Friday, January 8, 2010

This week in nanotechnology, Jan 8, 2010

With the passage of a molecule through the labyrinth of a chemical system being so critical to catalysis and other important chemical processes, computer simulations are frequently used to model potential molecule/labyrinth interactions. In the past, such simulations have been expensive and time-consuming to carry out, but now researchers have developed a new algorithm that should make future simulations easier and faster to compute, and yield much more accurate results.

To circumvent the limitations of conventional computers in tackling the problems of understanding and modeling the behavior of complex quantum systems, physicists have proposed using well-understood quantum systems called ‘quantum simulators’ (or ‘quantum emulators’) to emulate similar, but otherwise poorly understood, quantum systems.

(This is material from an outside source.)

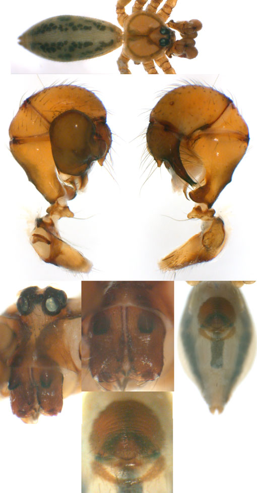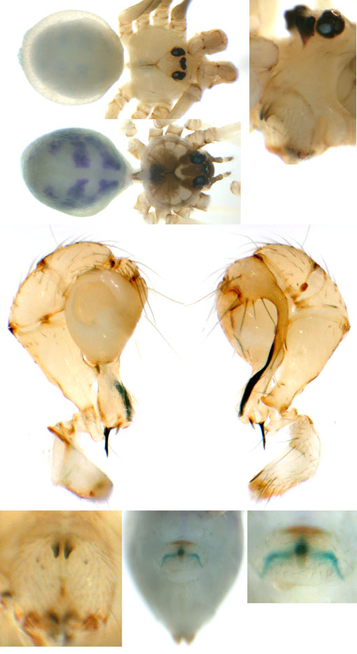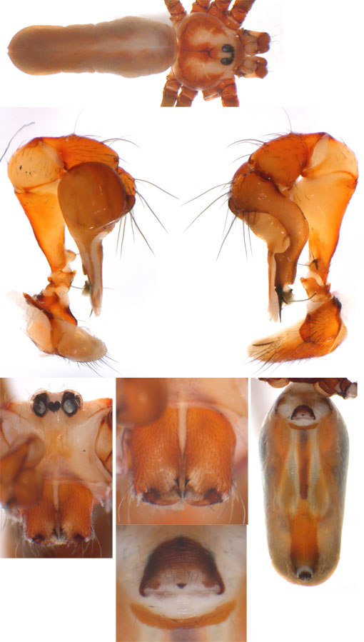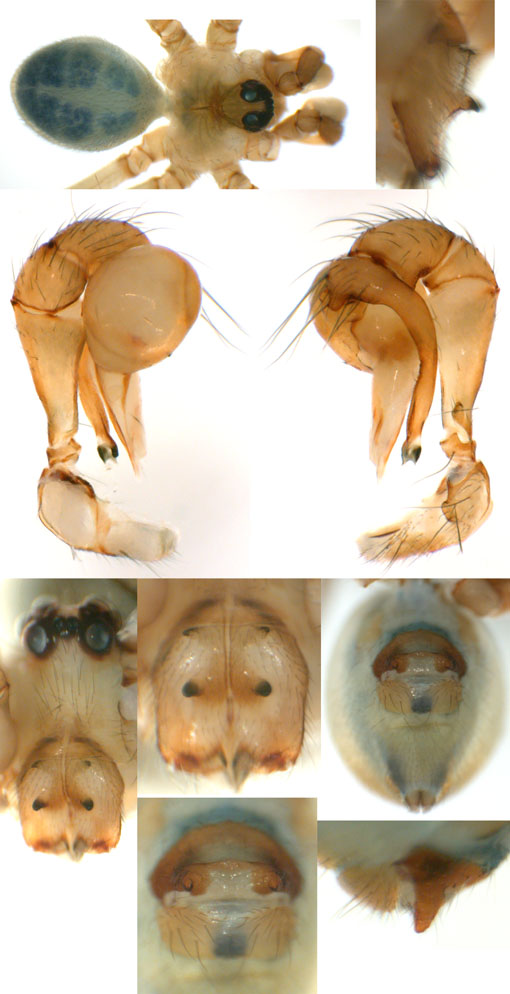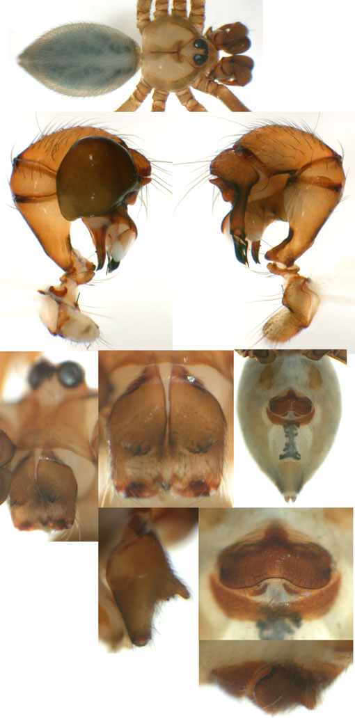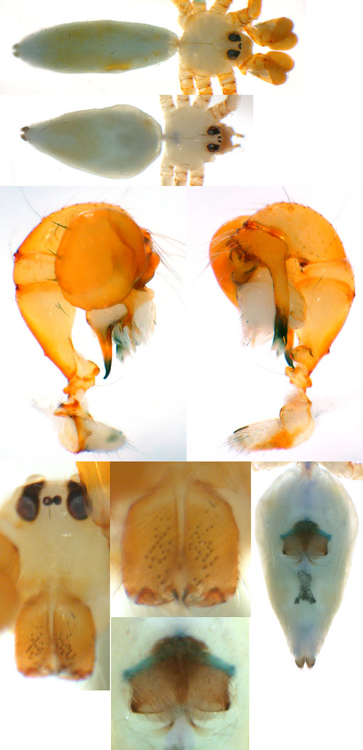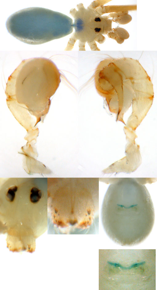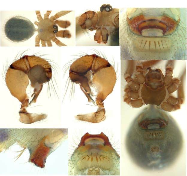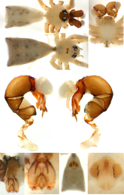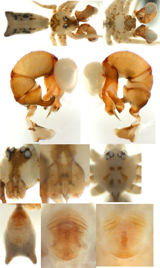 South (SC, PR, SP, RJ) Carapoia voltavelha (photos: Volta Velha, SC, Br10-9) [same species(?) form P.N. do Itajaí, SC, Br14-27] Carapoia genitalis (photos: Paranapiacaba, SP, Br03-33) Carapoia ubatuba (photos: Ubatuba, SP, types ZFMK) Carapoia macacu (photos: Guapiaçú, RJ, Br09-5) Carapoia divisa (photos: Santa Maria Madalena, RJ, Br10-14) Center (ES, BA) Carapoia una (photos: Res. Biol do Una, BA, Br11-83) Carapoia rheimsae (photos: Res. Biol do Una, BA, Br11-93) Carapoia brescoviti (photos: Res. Biol do Una, BA, Br11-85) Carapoia nairae (photos: Vargem Alta, ES, Br10-34) Carapoia capixaba (photos: Sooretama, ES, Br11-14) Carapoia gracilis (photos: Pau Brasil, BA, Br11-59) Carapoia zumbii (photos: Serra Bonita, BA, Br11-65) Carapoia dandarae (photos: Serra Bonita, BA, Br11-67) Carapoia n.sp. Br11-73 (photos: Serra Bonita, BA, Br11-73) Carapoia marceloi (photos: Reserva Michelin, BA, Br11-96) Carapoia carybei (photos: São João, BA, Br11-116) Carapoia jiboia (photos: Sta Terezinha, BA, Br15-3) Carapoia carvalhoi (photos: Sta Terezinha, BA, Br15-7) Carapoia maculata (photos: Morro de Pedra, BA, Br15-15/16) Carapoia exigua (photos: Morro de Pedra, BA, Br15-18) North (SE, AL, PE, PB, RN) Carapoia crasto (photos: Mata do Crasto, SE, Br15-19) Carapoia alagoas (photos: Usina Serra Grande, AL, Br15-72/73) Carapoia abdita (photos: nr. Bonito, PE, Br15-88) Carapoia saltinho (photos: Saltinho, PE, Br15-92) Carapoia septentrionalis (photos: Cafundó, PB, Br15-125) Carapoia djavani (photos: Pedra Talhada, AL, Br15-60) Carapoia agilis (photos: nr. Bonito, PE, Br15-79) Carapoia pulchra (photos: Pedra Talhada, AL, Br15-62/63) Carapoia suassunai (photos: Mata de Pipa, RN, Br15-145/146) Carapoia bispina (photos: nr. Bonito, PE, Br15-78) |

Schematic diagrams of three types of quantum simulators

Schematic diagrams of three types of quantum simulators: atoms (red) held in place by an optical field (green; top left); ions (yellow) aligned using an electromagnetic field (top right); and superconducting circuits (bottom) (Image: RIKEN)

Scientists at the University of Glasgow have imaged the self-assembly of nanoparticles, unveiling the blueprint for building designer molecular machines atom-by-atom.

A new class of biodegradable nanosized particles that can easily slip through the body’s sticky and viscous mucus secretions to deliver a sustained-release medication cargo.

Researchers have for the first time observed a nanoscale symmetry hidden in solid state matter. They have measured the signatures of a symmetry showing the same attributes as the golden ratio famous from art and architecture.